Among 805 placentas, 43% (347/805) had histologic chorioamnionitis by moderate or advanced maternal stage, 36% (286/805) by severe maternal grade, 18% (132/737) by moderate or advanced fetal stage, and 1% (10/737) by severe fetal grade. The frequencies of impairments were 11% (88/767) for cerebral palsy, 7% (56/773) for autism spectrum disorder, 15% (120/788) for cognitive impairment, and 7% (52/763) for epilepsy. After adjustment for maternal age, body mass index, race, insurance status, maternal education, tobacco use, infant sex, and multiple gestations, the adjusted odds ratio for the association between histologic chorioamnionitis and cerebral palsy years was increased with advanced maternal stage (adjusted odds ratio, 2.5; 95% confidence interval, 1.6-3.9), severe maternal grade (adjusted odds ratio, 2.0; 95% confidence interval, 1.2-3.4), moderate fetal stage (adjusted odds ratio, 2.20; 95% confidence interval, 2.1-2.2), and mild or moderate fetal grade (adjusted odds ratio, 1.5; 95% confidence interval, 1.0-2.2). Similarly, the adjusted odds ratio for the association between histologic chorioamnionitis and epilepsy was increased with advanced maternal stage (adjusted odds ratio, 1.5; 95% confidence interval, 1.3-1.6) and severe fetal grade (adjusted odds ratio, 5.9; 95% confidence interval, 1.9-17.8). In addition, the adjusted odds ratio for the association between histologic chorioamnionitis and autism spectrum disorder was increased with mild or moderate fetal grade (adjusted odds ratio, 1.7; 95% confidence interval, 1.0-2.9). Histologic chorioamnionitis was not associated with cognitive impairment. These findings held after adjustment for gestational age at delivery. In contrast to histologic chorioamnionitis, a clinical diagnosis of chorioamnionitis was not associated with neurodevelopmental impairment.

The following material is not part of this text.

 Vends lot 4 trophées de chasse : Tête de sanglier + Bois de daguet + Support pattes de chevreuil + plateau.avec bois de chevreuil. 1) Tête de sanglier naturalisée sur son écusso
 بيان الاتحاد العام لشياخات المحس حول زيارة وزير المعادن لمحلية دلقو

Histologic chorioamnionitis may be associated with some forms of neurodevelopmental impairment at 10 years of life among infants born <28 weeks' gestation.

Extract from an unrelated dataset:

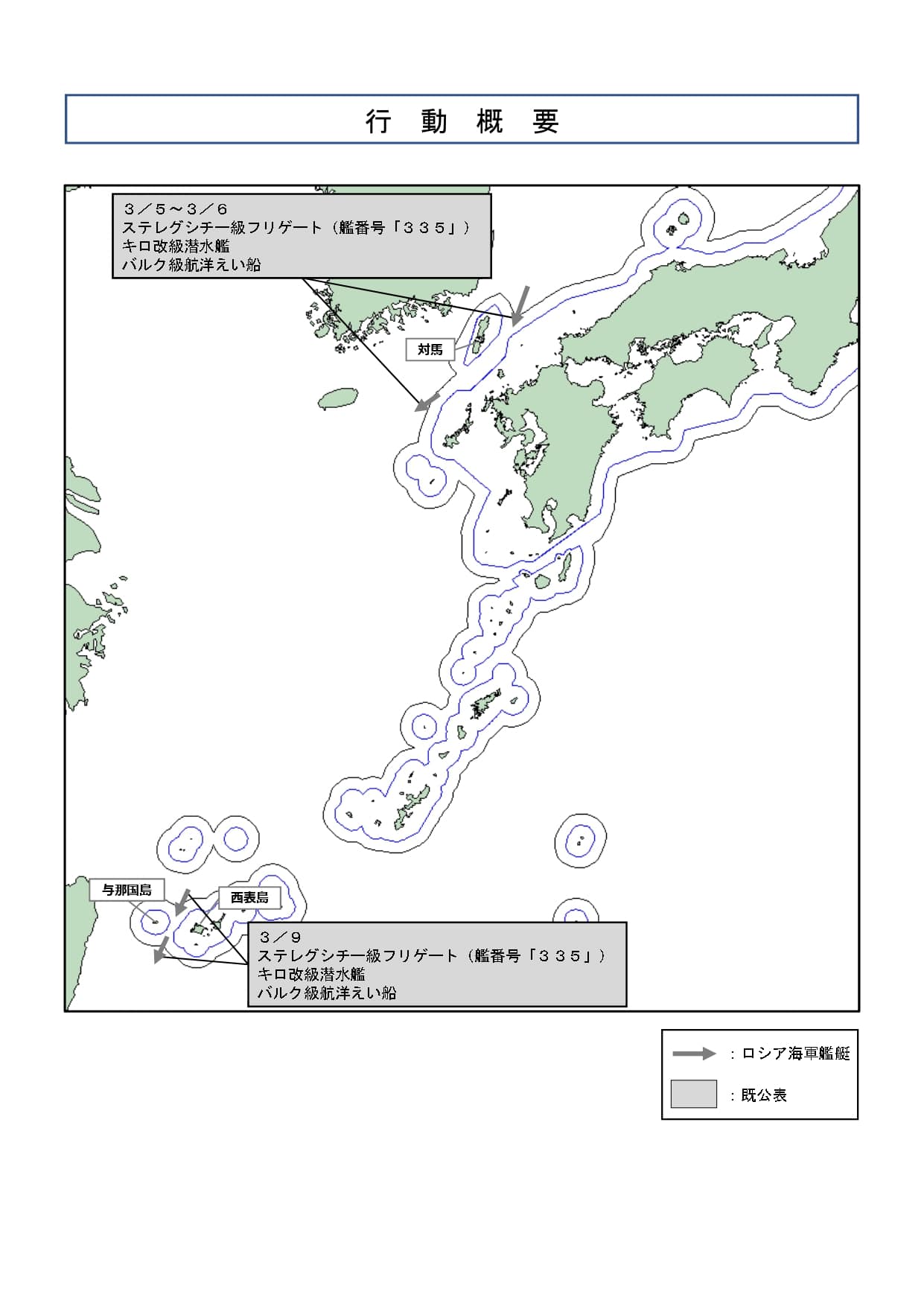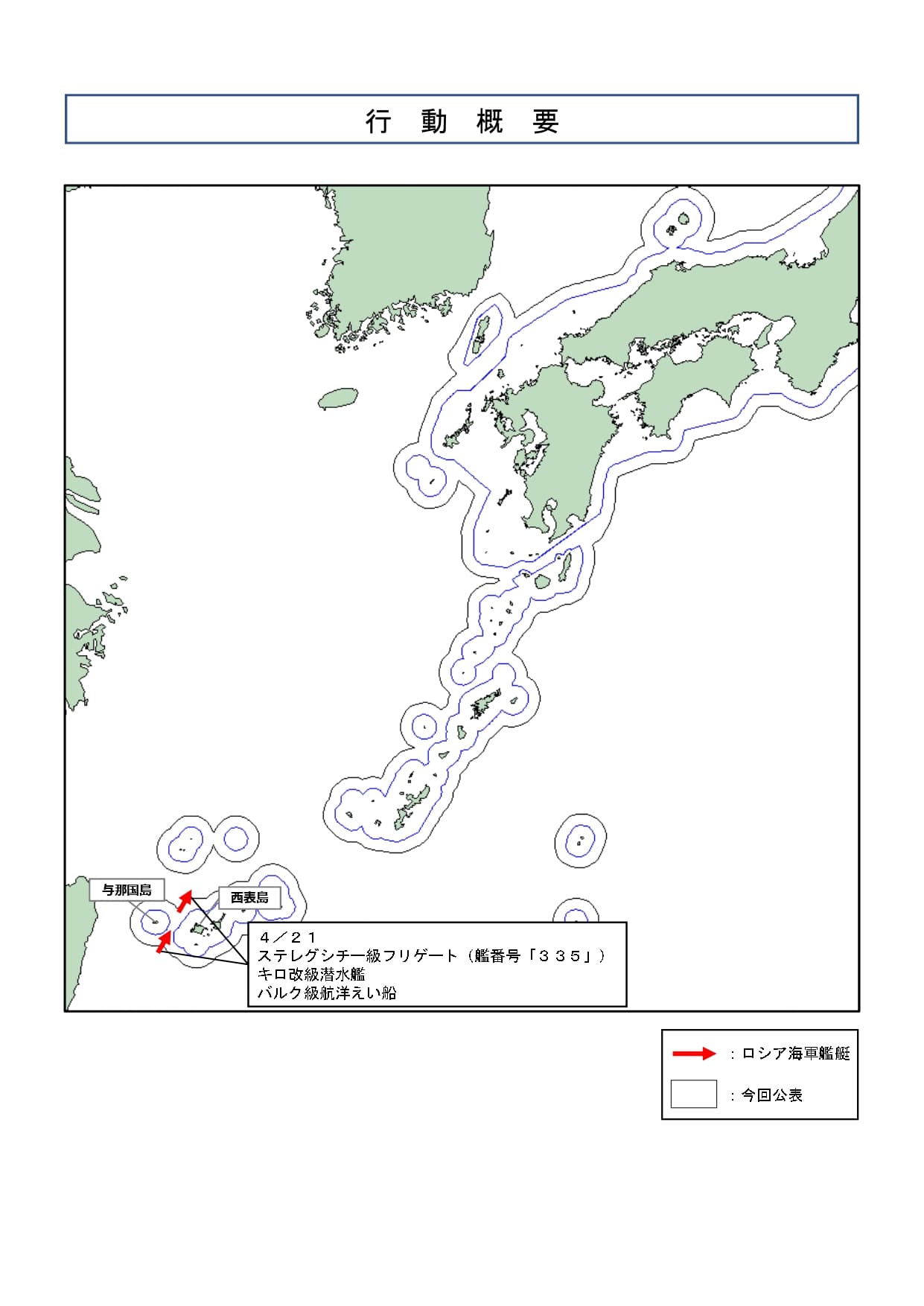令和8年4月21日(火)正午頃、海上自衛隊は、与那国島(沖縄県)の南約50kmの海域において、同海域を北東進するロシア海軍ステレグシチー級フリゲート(艦番号「335」)、キロ改級潜水艦及びバルク級航洋えい船の計3隻を確認した。

胎盘组织学上有绒毛膜羊膜炎证据的极早产儿有早期脑功能障碍,但对于 28 周以下出生的儿童在 10 岁时的神经发育情况知之甚少。
我们研究了绒毛膜羊膜炎的组织学证据与极早产儿(<28 周)出生后 10 年神经发育障碍之间的关系。
多中心极早产儿新生研究于 2002 年至 2004 年在美国 14 家医院招募了极早产儿新生儿。绒毛膜羊膜炎通过绒毛膜和脐带炎症的组织学阶段(早期、中期和晚期)和分级(轻度/中度和重度)来定义。通过盲法评估者使用经过验证的测量方法,在 2 岁时对脑瘫进行检查,在 10 岁时对自闭症谱系障碍、认知障碍(智商>2 个标准差低于平均值)和癫痫进行检查。使用广义估计方程的多变量逻辑回归。

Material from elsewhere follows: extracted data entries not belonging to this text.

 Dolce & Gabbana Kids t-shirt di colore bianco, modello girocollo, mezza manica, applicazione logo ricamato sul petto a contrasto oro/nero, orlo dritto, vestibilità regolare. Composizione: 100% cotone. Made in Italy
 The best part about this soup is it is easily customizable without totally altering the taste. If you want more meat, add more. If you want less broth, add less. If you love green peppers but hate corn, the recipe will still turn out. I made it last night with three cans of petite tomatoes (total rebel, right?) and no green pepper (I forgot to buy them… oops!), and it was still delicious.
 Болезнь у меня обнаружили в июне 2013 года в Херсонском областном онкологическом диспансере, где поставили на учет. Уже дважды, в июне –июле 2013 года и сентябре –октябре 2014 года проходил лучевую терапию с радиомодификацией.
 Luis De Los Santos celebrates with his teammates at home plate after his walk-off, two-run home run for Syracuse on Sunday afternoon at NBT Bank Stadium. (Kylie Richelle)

在 805 个胎盘组织中,43%(347/805)的胎盘组织有中度或晚期的母体阶段绒毛膜羊膜炎,36%(286/805)有严重的母体级绒毛膜羊膜炎,18%(132/737)有中度或晚期的胎儿阶段绒毛膜羊膜炎,1%(10/737)有严重的胎儿级绒毛膜羊膜炎。损伤的频率为脑瘫 11%(88/767)、自闭症谱系障碍 7%(56/773)、认知障碍 15%(120/788)和癫痫 7%(52/763)。在调整了母亲年龄、体重指数、种族、保险状况、母亲教育程度、吸烟状况、婴儿性别和多胎妊娠等因素后,与组织学绒毛膜羊膜炎相关的脑瘫年调整后优势比随着母体晚期阶段(调整后优势比,2.5;95%置信区间,1.6-3.9)、严重母体级(调整后优势比,2.0;95%置信区间,1.2-3.4)、中期胎儿阶段(调整后优势比,2.20;95%置信区间,2.1-2.2)和轻度或中度胎儿级(调整后优势比,1.5;95%置信区间,1.0-2.2)而增加。同样,与组织学绒毛膜羊膜炎相关的癫痫调整后优势比随着母体晚期阶段(调整后优势比,1.5;95%置信区间,1.3-1.6)和严重的胎儿级(调整后优势比,5.9;95%置信区间,1.9-17.8)而增加。此外,与组织学绒毛膜羊膜炎相关的自闭症谱系障碍调整后优势比随着轻度或中度胎儿级而增加(调整后优势比,1.7;95%置信区间,1.0-2.9)。组织学绒毛膜羊膜炎与认知障碍无关。这些发现在调整了分娩时的胎龄后仍然成立。与绒毛膜羊膜炎的组织学诊断不同,绒毛膜羊膜炎的临床诊断与 28 周以下出生的婴儿 10 岁时的神经发育损伤无关。
组织学绒毛膜羊膜炎可能与 28 周以下出生的婴儿 10 岁时的某些形式的神经发育障碍有关。